> [Listed records]
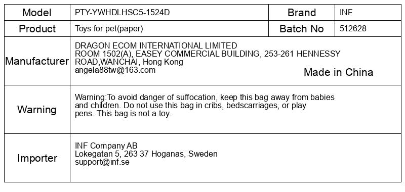 Opozorilo: Da bi se izognili nevarnosti zadušitve, hranite to torbo stran od dojenčkov in otrok. Te vrečke ne uporabljajte v otroških posteljicah, posteljnih vozičkih ali igralih. Ta torba ni igrača.
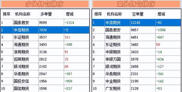 先来看下对下一个交易日有预判作用的“神器”——中信期货在股指期货上的增减持情况。它在沪深300股指期货上多单方面减仓2手,空单方面减仓82手,给出了“偏多”的信号——预判失误。
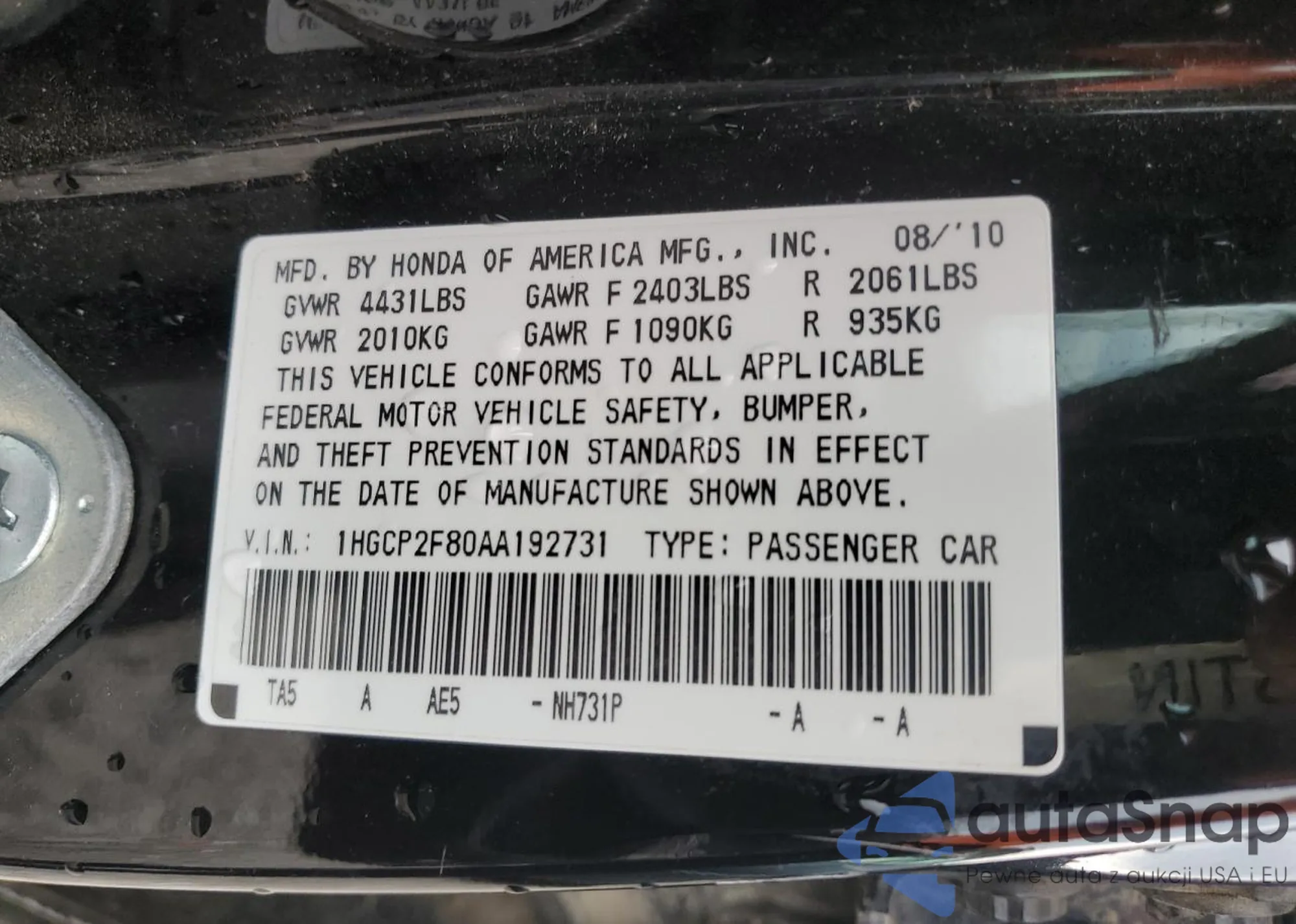LOT: 57413525 VIN: 1HGCP2F80AA192731
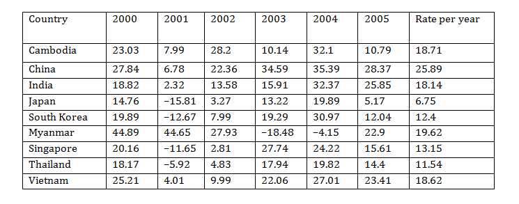 Option C: During 2001-2002, Cambodia registered the highest annual export growth rate, i.e., 28.2%. Hence, (C) is not true.
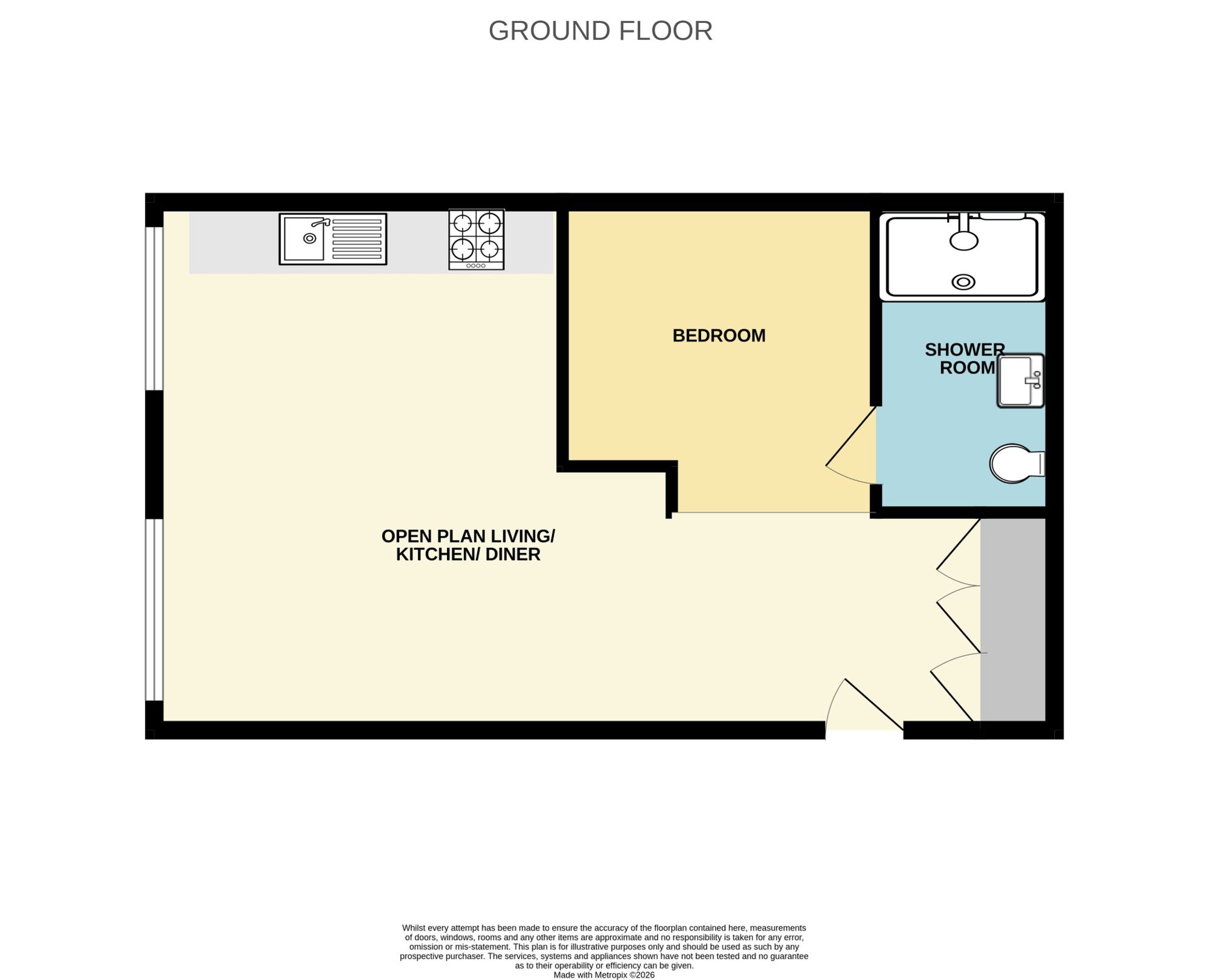 - BRIGHT OPEN PLAN LIVING/KITCHEN/BEDROOM SPACE

> [Problem details] With all pictures left out, please transcribe exactly the lines from the start of the material through the line with "LOT: 57413525 VIN: 1HGCP2F80AA192731".

> [Result for this task]
 Opozorilo: Da bi se izognili nevarnosti zadušitve, hranite to torbo stran od dojenčkov in otrok. Te vrečke ne uporabljajte v otroških posteljicah, posteljnih vozičkih ali igralih. Ta torba ni igrača.
 先来看下对下一个交易日有预判作用的“神器”——中信期货在股指期货上的增减持情况。它在沪深300股指期货上多单方面减仓2手,空单方面减仓82手,给出了“偏多”的信号——预判失误。
LOT: 57413525 VIN: 1HGCP2F80AA192731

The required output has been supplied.